Among the small roll-call of South African artists who have current international value, William Kentridge is perhaps most prominent. Aspire Art Auctions has positioned itself as the go-to contemporary auction house in SA, and its successes achieved with Kentridge in comparison to international sales make for interesting reading. Its second highest price for a Kentridge drawing, in 2017, was in line with the upper reaches of dollar-linked auction market prices, and its world-record price of R6,600,400, achieved in 2018, for a drawing from the film Stereoscope, still stands to date.
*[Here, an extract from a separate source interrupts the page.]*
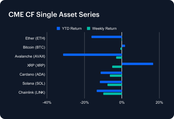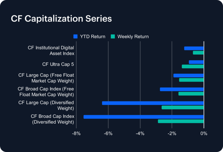Our CF Capitalization Series saw broad-based declines this past week, with free-float market cap-weighted indices faring slightly better than their diversified-weighted counterparts. The CF Broad Cap Index (Diversified Weight) led the downturn, dropping -2.89% for the week, deepening its YTD loss to -7.54%. The CF Large Cap Index (Diversified Weight) followed closely, declining -2.66% and extending its YTD decline to -6.38%. Meanwhile, free-float market cap-weighted indices also struggled, with the CF Broad Cap Index and CF Large Cap Index down -1.59% and -1.55%, respectively. The CF Ultra Cap 5 fell -1.39%, while the CF Institutional Digital Asset Index posted the smallest loss at -0.69%. Market sentiment remains fragile, with large-cap assets exhibiting relative resilience amid broad corrections.
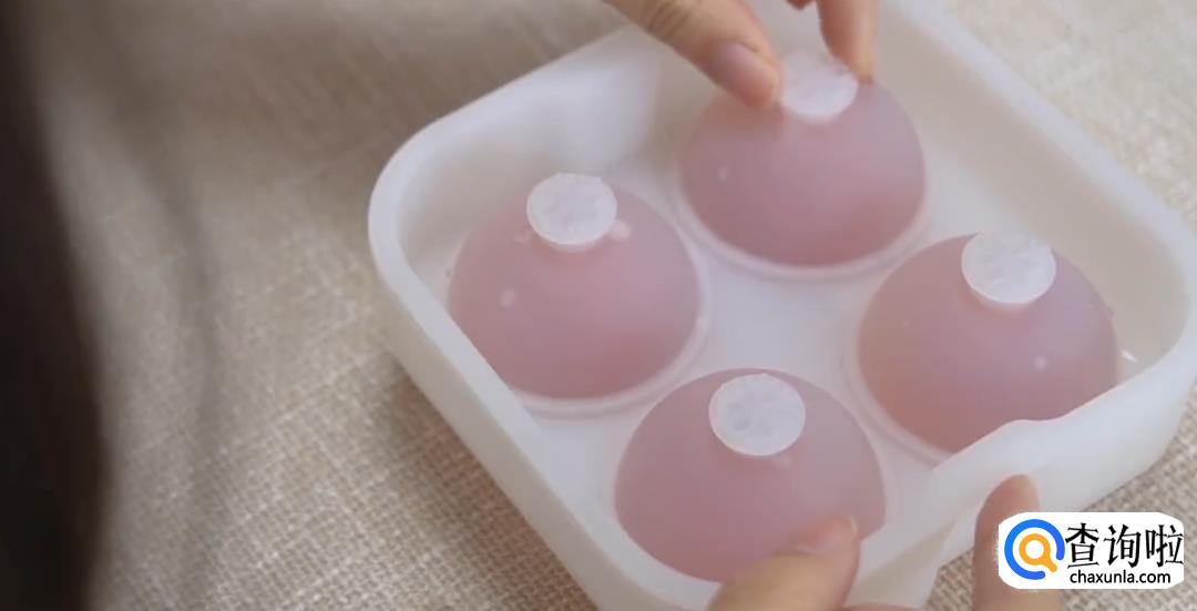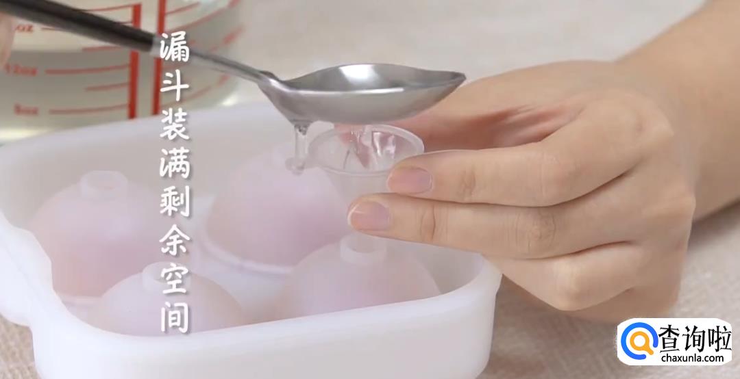 将模具盖子盖上,用漏斗将模具填满,然后塞上塞子放入冰箱冷藏30分钟。

Outside of the contemporary segment, Aspire is focused on other areas of the market that are currently ripe for growth and potential internationalisation. One of these is the underrepresented work by black twentieth century artists, with a recent highlight the selling of a suite of photo-collages, Glimpses of the Fifties and Sixties by well-known Johannesburg artist Sam Nhlengethwa for a world record of R967,300 earlier this year. At the same sale in June, the company also highlighted the depth and collectability of South African fine art photography, selling another local artist with an international market and appeal, David Goldblatt. His powerful image The last of the bigger rocks has just been dropped into a kibble. Now, with shovels, the team “lashes” (loads) the small stuff into the kibble. (1969) achieved R443,440, a world auction record.
Aspire’s results, and its burgeoning roster of international buyers in the South African market, indicate that a lot can be achieved by a smaller, more agile player, with artworks that are poised to grow in value on the global stage. Just ask Christie’s.